According to the National Sleep Foundation, 50 to 70 million Americans are affected by chronic sleep disorders and intermittent sleep problems. In-home sleep studies have become a large part of diagnosis in sleep medicine, and their presence continues to grow—a 2019 report on home sleep apnea testing devices by Global Market Insights reported that the market is set to exceed $1.4 billion by 2025. Although home tests have become more sophisticated, they may not be appropriate for some patients. It’s in the otolaryngologist’s best interest to know which is best for each patient’s needs.
Explore This IssueSeptember 2020
Do all patients with possible sleep apnea need diagnosis in a sleep clinic? Home testing may be more comfortable and budget friendly, but its technology may miss mild obstructive sleep apnea (OSA) and other sleep disorders. When appropriate, home testing enables the diagnosis of more patients, so they can begin continuous positive airway pressure (CPAP) or another therapy, otolaryngologists say.
“Many patients want a home study, and they may be good candidates for one. It’s a good test and starting point for patients with high suspicion of sleep apnea,” says Pell Ann Wardrop, MD, an otolaryngologist and sleep medicine physician at CHI Saint Joseph Health in Lexington, Ky. Patients on oxygen supplementation or with some comorbidities cannot be diagnosed with home-based tests, so Dr. Wardrop believes that in-lab tests aren’t going away. Her four-bed sleep center, open since 1999, is always busy and hasn’t closed at all during the COVID-19 pandemic.
Lab Versus Home
Typically, a physician will order a sleep study for a patient whose results on standard, short sleep questionnaires, such as the Epworth Sleepiness Scale or STOP-BANG test, suggest a higher likelihood that they have OSA or another sleep disorder, said Masayoshi “Mas” Takashima, MD, chair of otolaryngology-head and neck surgery at Houston Methodist ENT Specialists in Texas.

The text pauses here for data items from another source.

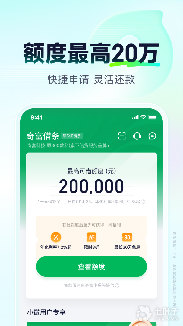 2、借条是360数科旗下个人及小微信贷平台,上市品牌,安全可靠手机贷款额度高最高20万,无抵押、无担保、随借随还,偿还贷款息费低,按日计息,年化利率约8%-24%,低于信用卡
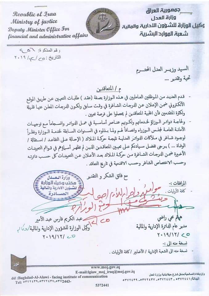 نرفق لكم نسخة من كتاب السيد مدير ادارة موظفي وزارة العدل ليبيا Facebook
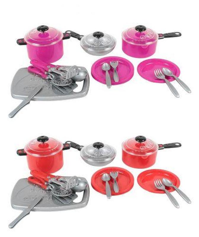 Набор посуды Iriska 3. В наборе: 4 тарелочки, 3 лопатки, ложечки и вилочки (по 4 штуки), половник, 2 кастрюли, поднос._
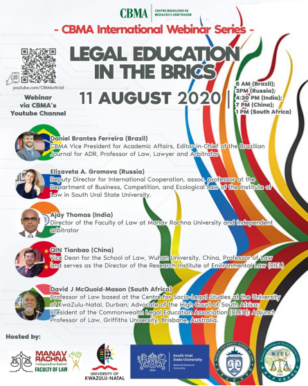 副院长秦天宝教授应邀参加了由巴西调解和仲裁中心(CBMA)主办的“金砖国家法律教育网络研讨会”(Webinar on Legal Education in BRICS),并做主题发言。
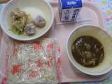 今日の給食は、カレーうどん、牛乳、しゅうまい、中華サラダです。年に2回のめんの...
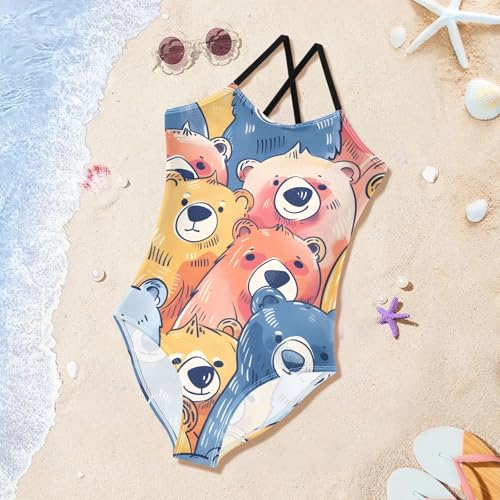 Bolaz Girls Swimsuits One-Piece Bathing Suits Multicolor Kids Sport Summer Beach Swimwear for 3-10 Years Old-Colorful Cute Bears 1
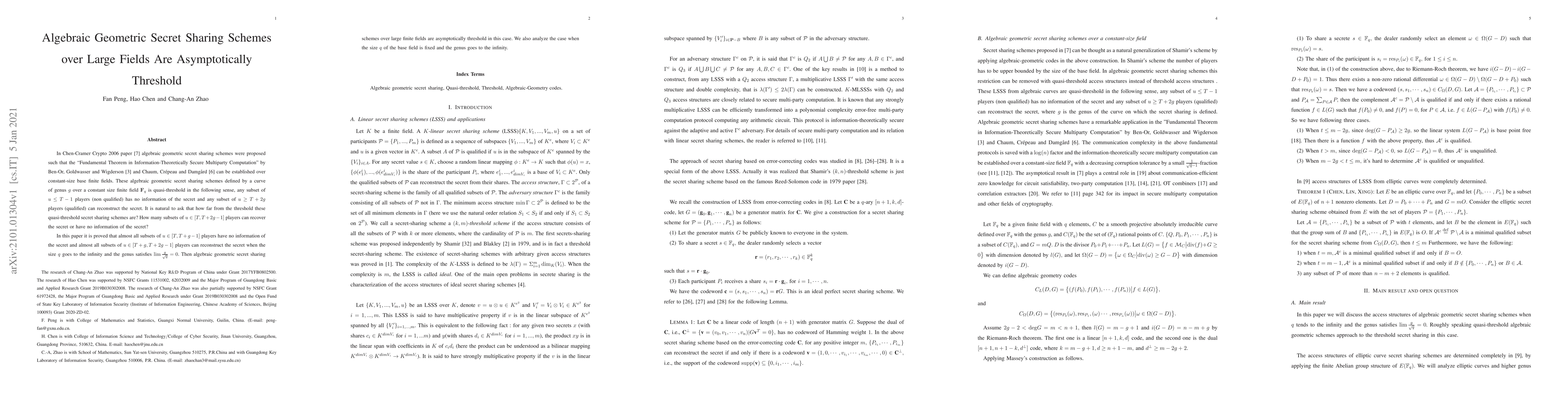 In Chen-Cramer Crypto 2006 paper \cite{cc} algebraic geometric secret sharing schemes were proposed such that the "Fundamental Theorem in Information-Theoretically Secure Multiparty Computation" by Ben-Or, Goldwasser and Wigderson \cite{BGW88} and Chaum, Cr\'{e}peau and Damg{\aa}rd \cite{CCD88} can be established over constant-size base finite fields. These algebraic geometric secret sharing schemes defined by a curve of genus $g$ over a constant size finite field ${\bf F}_q$ is quasi-threshold in the following sense, any subset of $u \leq T-1$ players (non qualified) has no information of the secret and any subset of $u \geq T+2g$ players (qualified) can reconstruct the secret. It is natural to ask that how far from the threshold these quasi-threshold secret sharing schemes are? How many subsets of $u \in [T, T+2g-1]$ players can recover the secret or have no information of the secret? In this paper it is proved that almost all subsets of $u \in [T,T+g-1]$ players have no information of the secret and almost all subsets of $u \in [T+g,T+2g-1]$ players can reconstruct the secret when the size $q$ goes to the infinity and the genus satisfies $\lim \frac{g}{\sqrt{q}}=0$. Then algebraic geometric secret sharing schemes over large finite fields are asymptotically threshold in this case. We also analyze the case when the size $q$ of the base field is fixed and the genus goes to the infinity.
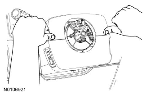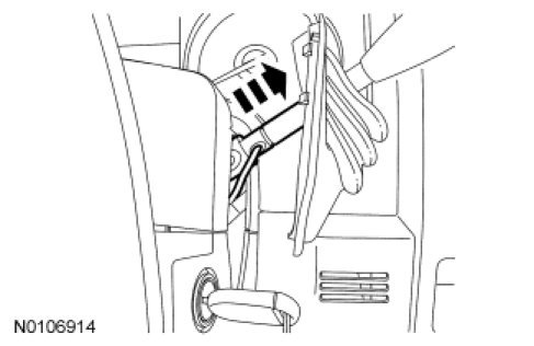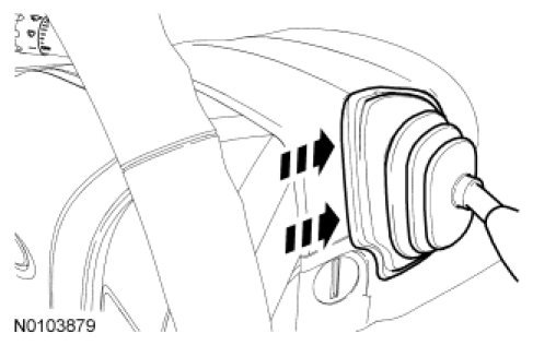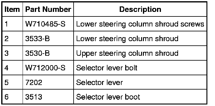Remove the selector lever boot from the steering column shroud by pressing in on the selector lever boot frame.
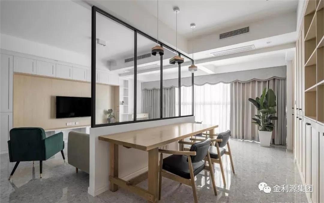開放式客餐廳,格局大開,采光一流,從視覺上拉大整體空間,看起來敞亮通透。雖然很好,但是又希望兩個區(qū)域有所獨立,那不如做個隔斷柜吧。
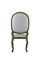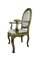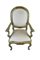 Poltrona in legno intagliato, laccato e dorato con schienale a medaglione, brac
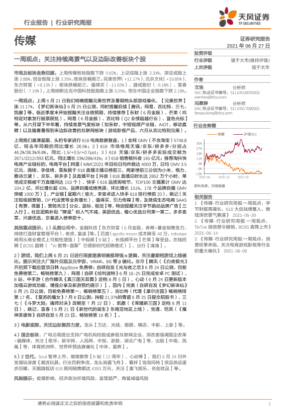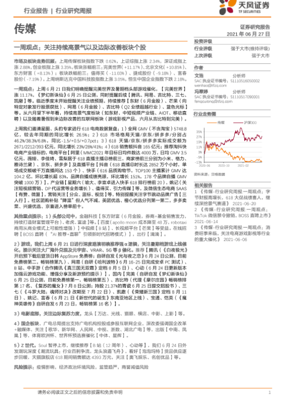 【天风证券】【20210627】20210627-天风证券-传媒一周观点:关注持续高景气以及边际改善板块个股-16页

Sleep clinic patients generally arrive at Dr. Wardrop’s clinic at 8:30 p.m. and take a split-night study: one three-hour test to detect sleep apnea and a second test where they sleep with a CPAP or auto-PAP to adjust the mask fit and oxygen levels, said Dr. Wardrop. The clinical practice guideline for diagnostic testing of OSA, published by the American Academy of Sleep Medicine (AASM) in 2017, recommends the split-night testing protocol for in-lab studies. If an initial laboratory polysomnography is negative, but a clinical suspicion of OSA remains, a second in-lab test is recommended. The sleep center’s staff includes a neurologist, pulmonologist, cardiologist, five full-time and two part-time sleep technicians, two registered nurses, and a certified medical assistant/receptionist.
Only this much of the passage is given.